Distant metastases and synchronous cancer were found in 23 (3.1%) and 55 (7.4%) patients, respectively. A, B, and C detected distant metastases in 10 (1.3%), 19 (2.6%), and 21 (2.8%) patients, respectively. The absolute differences were 1.5% (A versus C, P = 0.003) and 0.3% (B versus C, P = 0.687). A, B, and C detected synchronous cancer in 15 (2.0%), 22 (2.9%), and 36 (4.9%) patients, respectively. The absolute differences were 2.8% (A versus C, P < 0.001) and 1.4% (B versus C, P = 0.013).

CONCLUSIONS

F-FDG PET/CT detected more distant metastases and synchronous cancer than CXR + hnCT and more synchronous cancer than chest CT + hnCT.

摘要

目的

目前的指南建议对头颈鳞状细胞癌(HNSCC)患者进行胸部计算机断层扫描(CT)加局部 CT/磁共振成像,建议对 III-IV 期患者进行 F-氟脱氧葡萄糖(FDG)正电子发射断层扫描(PET)/CT。然而,全身 F-FDG PET/CT 筛查可能比常规影像学检查能更好地发现远处转移和同时性癌症。

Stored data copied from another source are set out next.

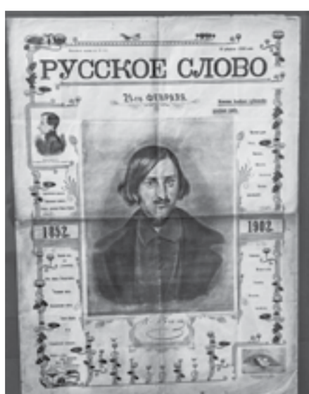
«Русское слово» от 21 февраля 1902 года.

коллеги везли их из Италии, Франции. А потом стали добавляться какие-то артефакты.
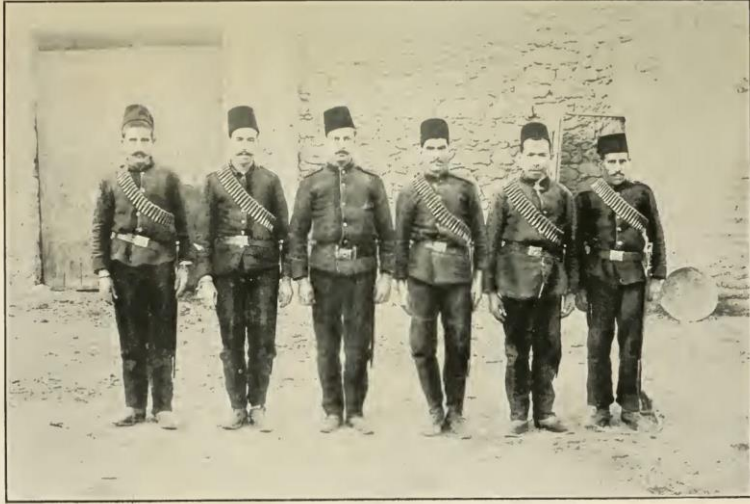
A GROUP OF TURKISH SOLDIERS OF THE IRREGULAR FORCE.

Ek 5: Hicaz'da Bir Grup Türk Askeri (Sultan Cihan Begüm, The Story Of Pilgrimage To Hijaz , Calcutta 1913, s. 254.)
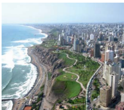
Lima - Pérou
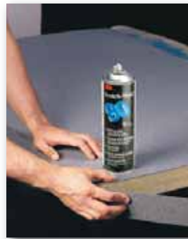
Verlijm randafwerking op tafelblad met Lijmspray 90
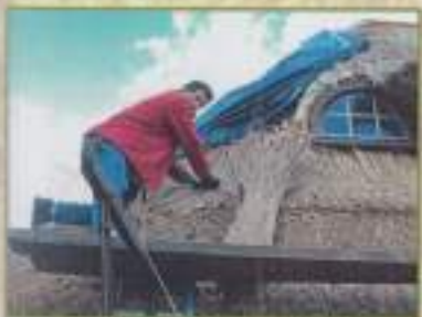
Pose du roseau suivant la méthode hollandaise (chemin des Amoureux, 2012)
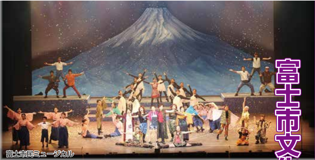
富士市民ミュージカル

市は、市民の皆さんに文化芸術に関する基本的な考え方と施策の方向性を総合的・体系的に示すため、「富士市文化振興基本計画」を策定しましたので紹介します。
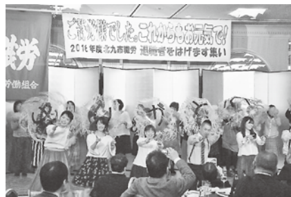
昨年のステージパフォーマンスで「恋ダンス」を披露する保育所部会の仲間
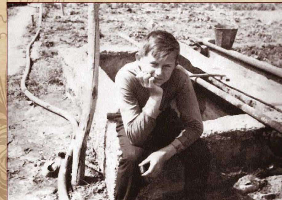
На батьківському подвір'ї у Станиці Луганській
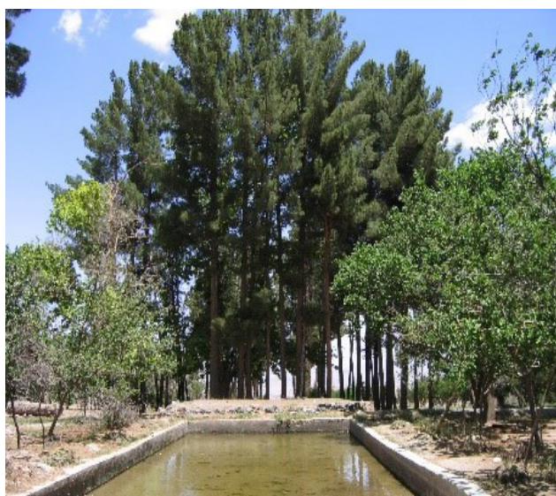
تصویر ۴: میان‌کرت در باغ بهلگرد، با توجه به یک طبقه بودن بنای سردر، دید مطلوبی به محور باغ وجود ندارد. عکس: مهدی فاطمی، ۱۳۸۴.

در اطراف محور اصلی، کرت‌ها بر هندسه باغ تأکید می‌کنند و اصول اولیه هندسی حاکم بر باغ ایرانی بر آنها نیز حاکم است. بخش اعظم باغ به این کرت‌های هندسی اختصاص یافته که برای کشت و زرع استفاده می‌شده است و می‌توان گفت، مالک باغ به نوعی زمین‌های زراعی خود
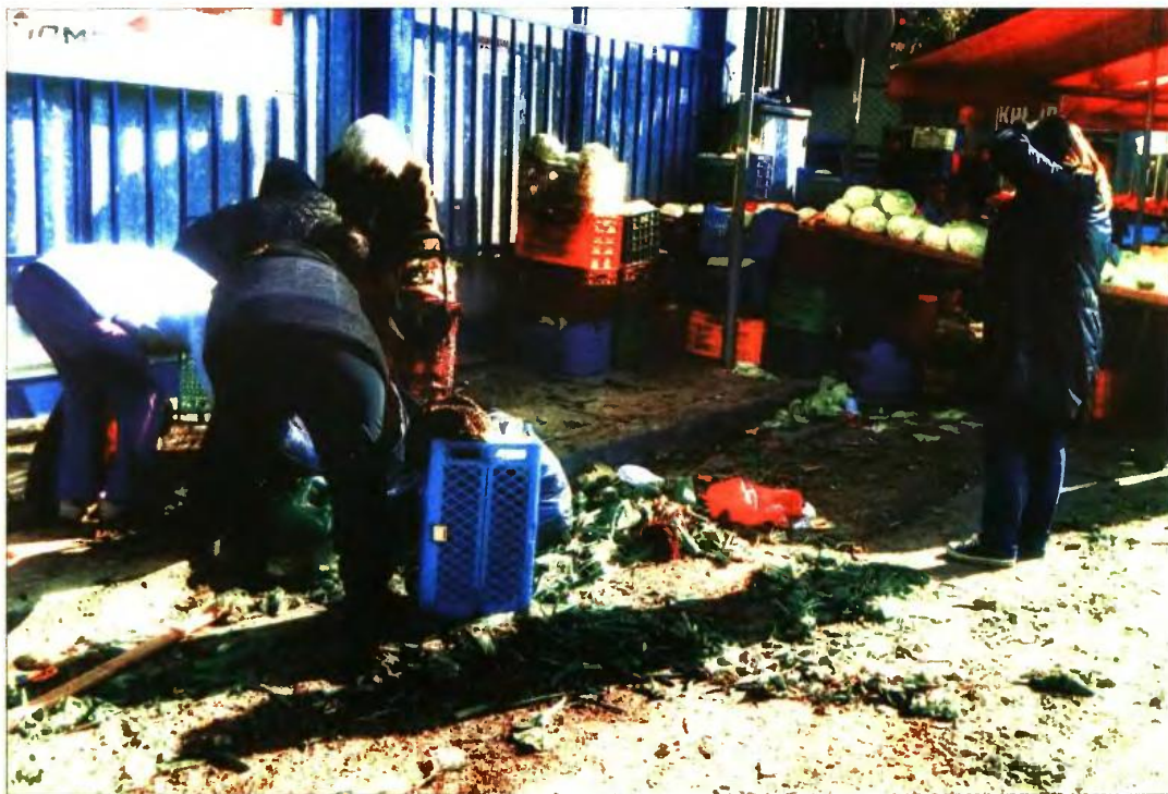
Πολίτες ψάχνουν για τρόφιμα μετά το τέλος λαϊκής αγοράς

δυσκολεύονται να αποπληρώσουν τις δόσεις πιστωτικών καρτών ή δανείων. Ειδικά στα φτωχά νοικοκυριά σχεδόν κανείς δεν μπορεί να πληρώσει, με το ποσοστό να αγγίζει το 85%!

我们评估了 F-FDG PET/CT 在检测远处转移和同时性癌症方面的效用。

方法

这项前瞻性研究纳入了 740 例 2010 年 9 月至 2015 年 12 月期间未经治疗的 HNSCC 连续患者。同时性癌症经组织学证实,远处转移经活检或连续影像学随访证实。采用 McNemar 检验比较胸部 X 线摄影(CXR)+头颈部 CT(hnCT)(A)与 F-FDG PET/CT(C)以及胸部 CT+hnCT(B)与 F-FDG PET/CT 的真阳性检出率。

结果

23 例(3.1%)和 55 例(7.4%)患者分别发现远处转移和同时性癌症。A、B 和 C 分别检测到 10 例(1.3%)、19 例(2.6%)和 21 例(2.8%)远处转移。绝对差值分别为 1.5%(A 与 C,P=0.003)和 0.3%(B 与 C,P=0.687)。A、B 和 C 分别检测到 15 例(2.0%)、22 例(2.9%)和 36 例(4.9%)同时性癌症。绝对差值分别为 2.8%(A 与 C,P<0.001)和 1.4%(B 与 C,P=0.013)。

结论

与 CXR+hnCT 相比,F-FDG PET/CT 检测到更多的远处转移和同时性癌症,与胸部 CT+hnCT 相比,F-FDG PET/CT 检测到更多的同时性癌症。